Etika salam adalah orang yang berkendaraan memberi salam kepada yang berjalan, orang yang berjalan memberi salam kepada orang duduk, dan orang yang sedikit kepada orang yang banyak, dan seutama-utamanya adalah yang dahulu memberi salam.

يُسَلِّمُ الرَّاكِبُ عَلَى الْمَاشِي وَالْمَاشِي عَلَى الْقَاعِدِ وَالْقَلِيلُ عَلَى الْكَثِيرِ

“Orang yang berkendaraan hendaklah memberi salam kepada orang yang berjalan kaki, orang yang berjalan hendaklah memberi salam kepada orang yang duduk dan orang yang sedikit hendaklah memberi salam kepada orang yang ramai”. (HR. Mutafaqun ‘Alaih)

إِنَّ أَوْلَى النَّاسِ بِاللهِ مَنْ بَدَأَهُمْ بِالسَّلاَمِ

“Seutama-tama manusia adalah yang mengucapkan salam lebih dahulu”. (HR Abu Dawud)

2.    Secara khusus yang dimaksud undangan adalah undangan walimah. Sebagaimana diterangkan dalam hadits di bawah ini.

إِذَا دُعِيَ أَحَدُكُمْ إِلَى الْوَلِيمَةِ فَلْيَأْتِهَا

“Apabila seseorang dari kamu diundang untuk walimah maka hendaklah kamu menghadirinya”. (HR. Bukhari-Muslim).

Yang perlu diperhatikan dalam mengadakan walimah, seseorang mesti sudah dalam kondisi siap. Artinya mereka tidak lagi mengharapkan sumbangan dari para tamu yang diundang. Supaya orang yang diundang dalam kondisi apapun siap memenuhi undangan.

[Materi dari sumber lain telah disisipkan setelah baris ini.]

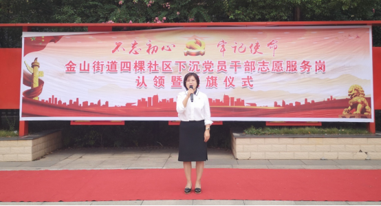 黄石高新物业公司董事长邹丹在社区下沉党员干部志愿服务岗认领暨授旗仪式上做动员讲话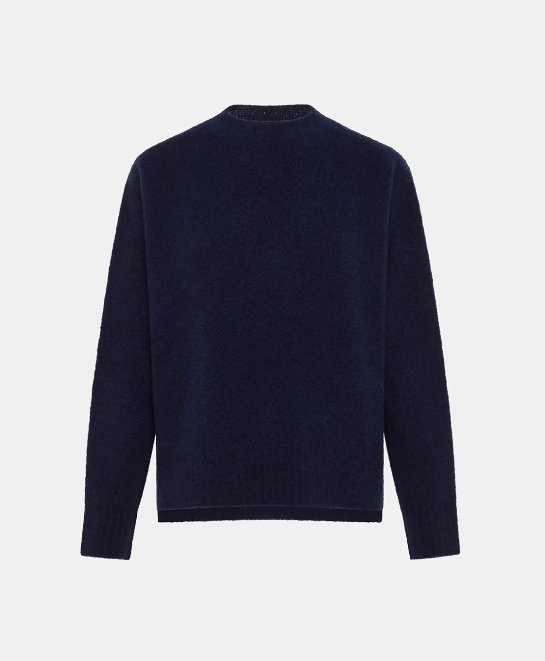 Tricot col montant en fil de laine stretch de laine effet jersey. Manches longues et épaules tombantes avec fentes latérales. Made in Italy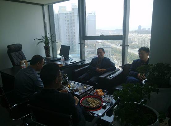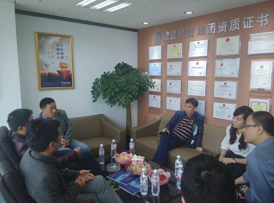 中午简单吃完午饭,董事长稍事休息就到了公司,先后会见了有意向合作的同行伙伴和部门领导。期间,董事长感谢各位对建通集团进入江西、云南市场的欢迎,感谢大家对建通品牌的认可,以及江西、云南人民的友好和热情,同客人的交流中,邓董事长向对方介绍“德建志远,业通人和”、“建通是我家,发展为大家”的企业核心理论以及“先做人后做事”的处世原则,恪守“以质量求信誉,以信誉促发展”的经营理念,用真诚去打动客户,用诚信去赢得市场!对方十分赞同邓董事长的意见和乐鱼(中国)一站式服务平台的经营理念,双方进行了坦诚的交流,气氛热烈。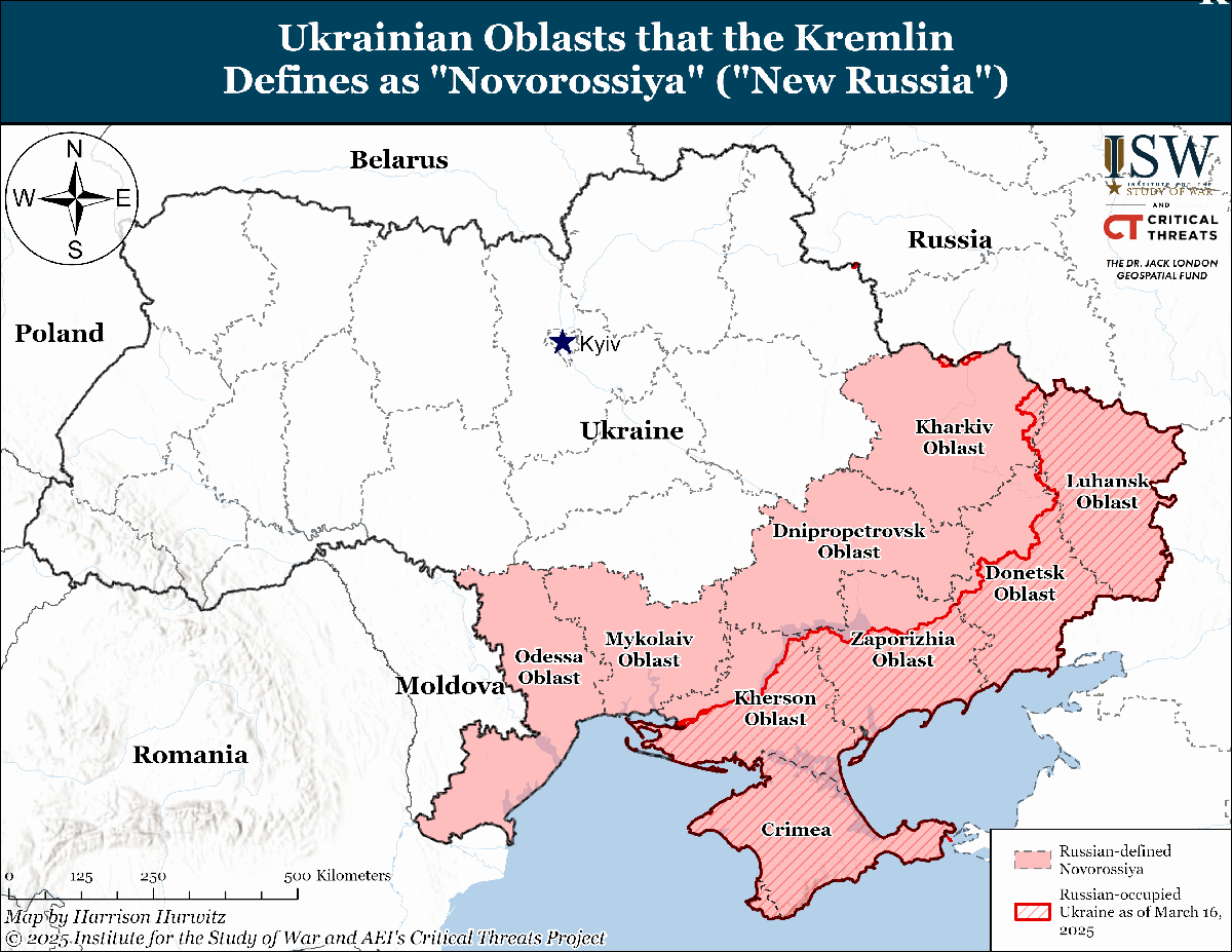 Однако российские официальные лица сохраняют максималистские территориальные претензии на всю оккупированную Украину и значительную часть неоккупированной Украины. Высокопоставленные кремлевские чиновники, в том числе президент России Владимир Путин, последовательно требовали от Украины сдать всю Донецкую, Луганскую, Запорожскую и Херсонскую области, включая районы, которые российские войска еще не оккупировали, и повторяли эти заявления в последние недели. [6] Российские государственные СМИ также недавно усилили аналогичные настроения со стороны связанных с Кремлем рупоров. [7] Недавно Путин заявил, что «Новороссия» является неотъемлемой частью России, а пресс-секретарь Кремля Дмитрий Песков определил «Новороссию» как всю восточную и южную Украину, включая Харьковскую, Днепропетровскую, Одесскую и Николаевскую области. [8] В настоящее время Россия оккупирует небольшую часть Харьковской области и Кинбурнскую косу в Николаевской области, а российские войска продвигаются к административной границе Днепропетровской области. Продолжающиеся заявления Кремля с требованием к Украине уступить неоккупированную украинскую территорию указывают на то, что Кремль и Путин остаются приверженными этим территориальным целям, несмотря на продолжающиеся переговоры.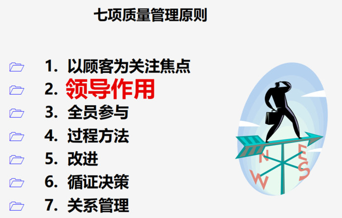領(lǐng)導(dǎo)作用是指各級(jí)領(lǐng)導(dǎo)建立統(tǒng)一的宗旨和方向,并且創(chuàng)造全員積極參與的環(huán)境,以實(shí)現(xiàn)組織的質(zhì)量目標(biāo)。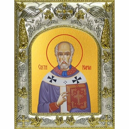 Икона Мартин Милостивый, 14x18 в серебряном окладе, арт вк-4070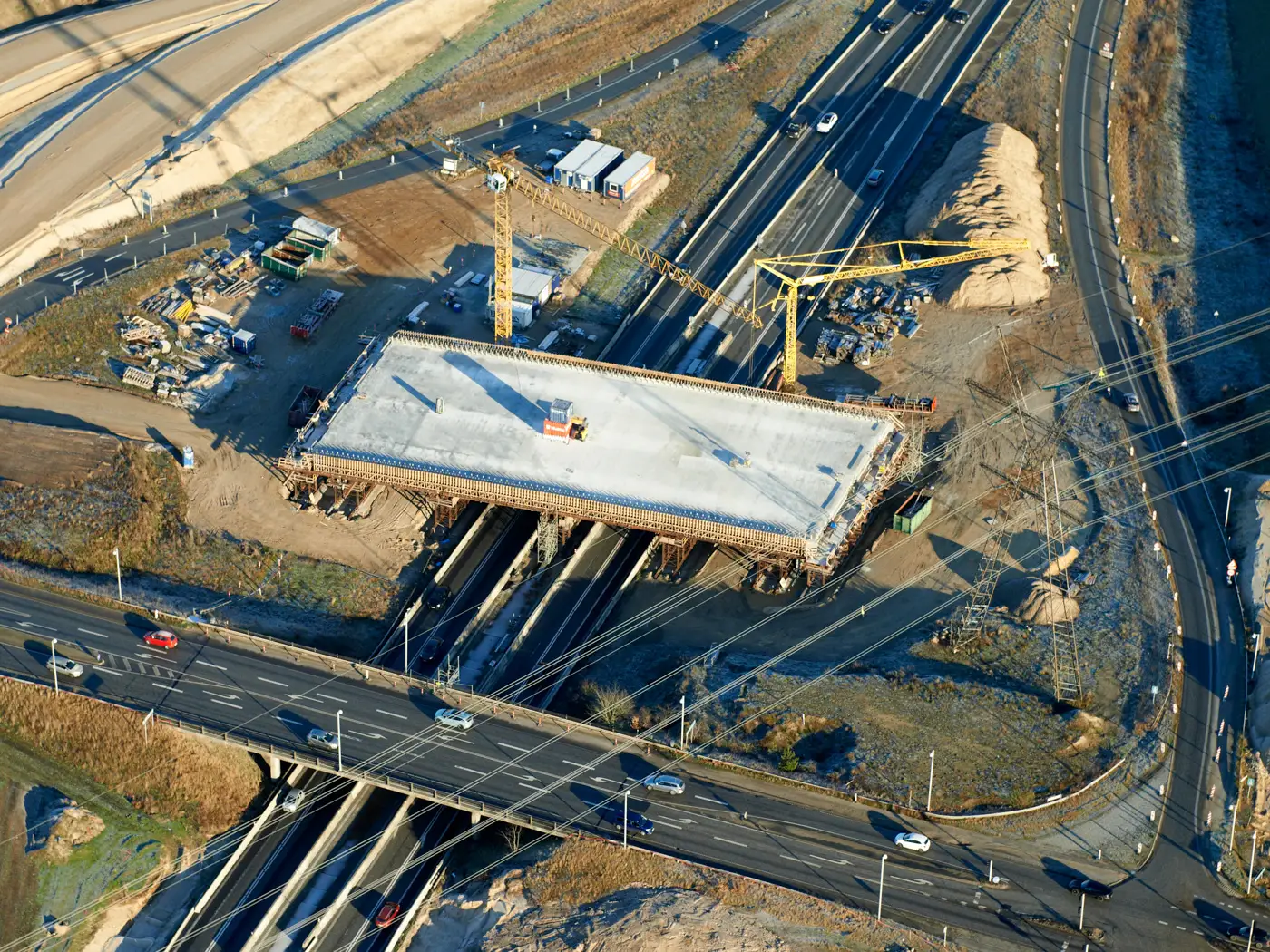 E45 spærres forbi <56a> i aften- og nattetimerne fra den 16.-19. marts mens den kommende bro løftes på plads. Foto: Aerodan/Vejdirektoratet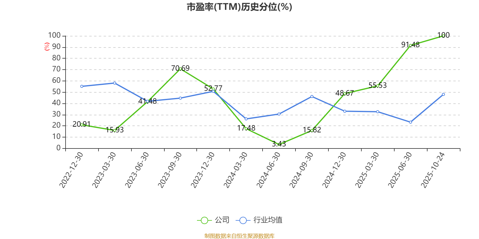 市盈率、市净率为负时,不显示当期分位数,会导致折线图中断。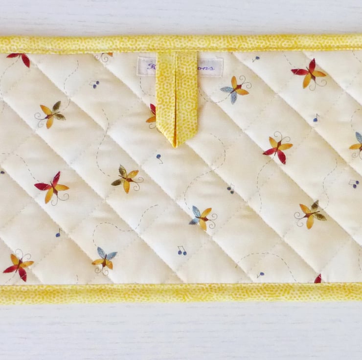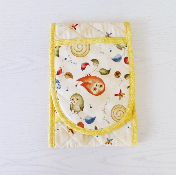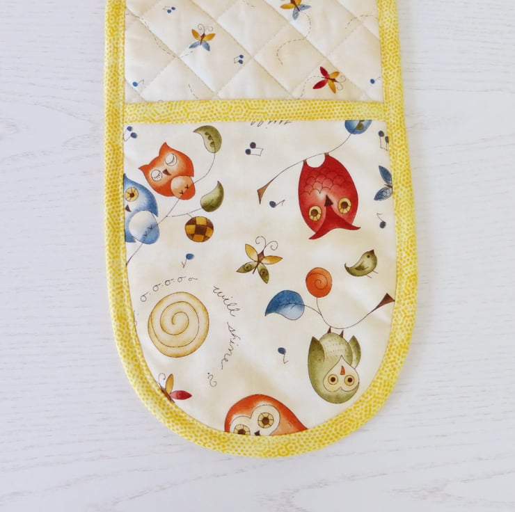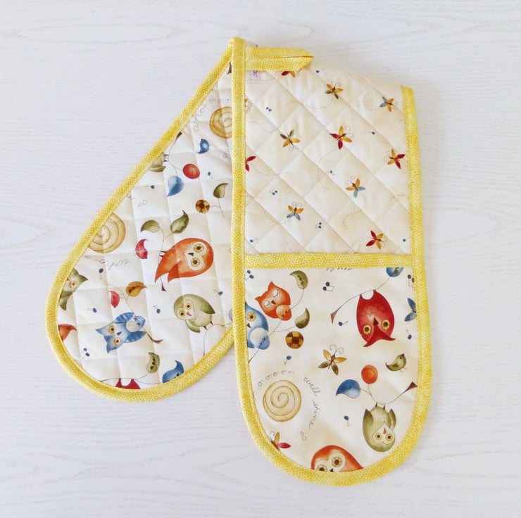 These oven gloves have been made using a lovely quilting cotton fabric with an owl design, and a matching cotton fabric with a small butterfly design. The background is a soft cream colour, the owls and butterflies are in subtle shades of red, green and blue.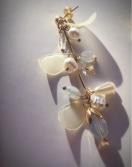 花びらのようなモチーフときらきらと輝くビジューが耳元で揺れる、可憐なデザインのイヤリング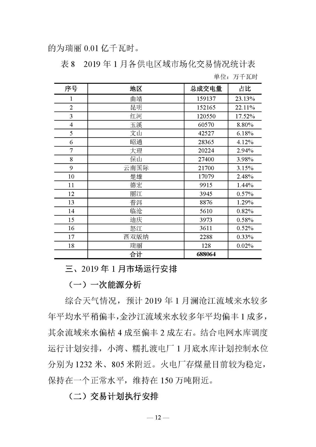 昆明電力交易中心發(fā)布了《云南電力交易月報(bào)(2019年1月)》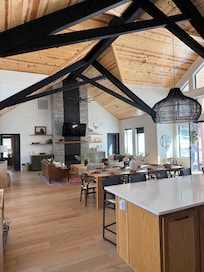 Apéro has vaulted ceilings in every room and has a bit of a European lodge feeling to it. We chose to leverage the 4th bedroom as a game room for the kids so they can have their own space and the guests love it!

Rasulullah saw mencela walimah yang hanya dihadiri orang yang kaya saja dan tiada orang yang miskin.

عن أَبِي هُرَيْرَةَ رَضِيَ اللهُ عَنْهُ قَالَ : بِئْسَ الطَّعَامُ طَعَامُ الْوَلِيمَةِ يُدْعَى إِلَيْهِ الْأَغْنِيَاءُ وَيُتْرَكُ الْمَسَاكِينُ فَمَنْ لَمْ يَأْتِ الدَّعْوَةَ فَقَدْ عَصَى اللهَ وَرَسُولَهُ .

“Diriwayatkan dari Abu Hurairah r.a katanya: Rasulullah s.a.w pernah bersabda: Makanan yang buruk ialah makanan walimah yang mana undangannya ialah orang-orang kaya saja dan orang-orang miskin tidak diundang. Orang yang tidak memenuhi undangan sesungguhnya dia telah melakukan maksiat kepada Allah dan RasulNya”. (HR. Bukhari-Muslim)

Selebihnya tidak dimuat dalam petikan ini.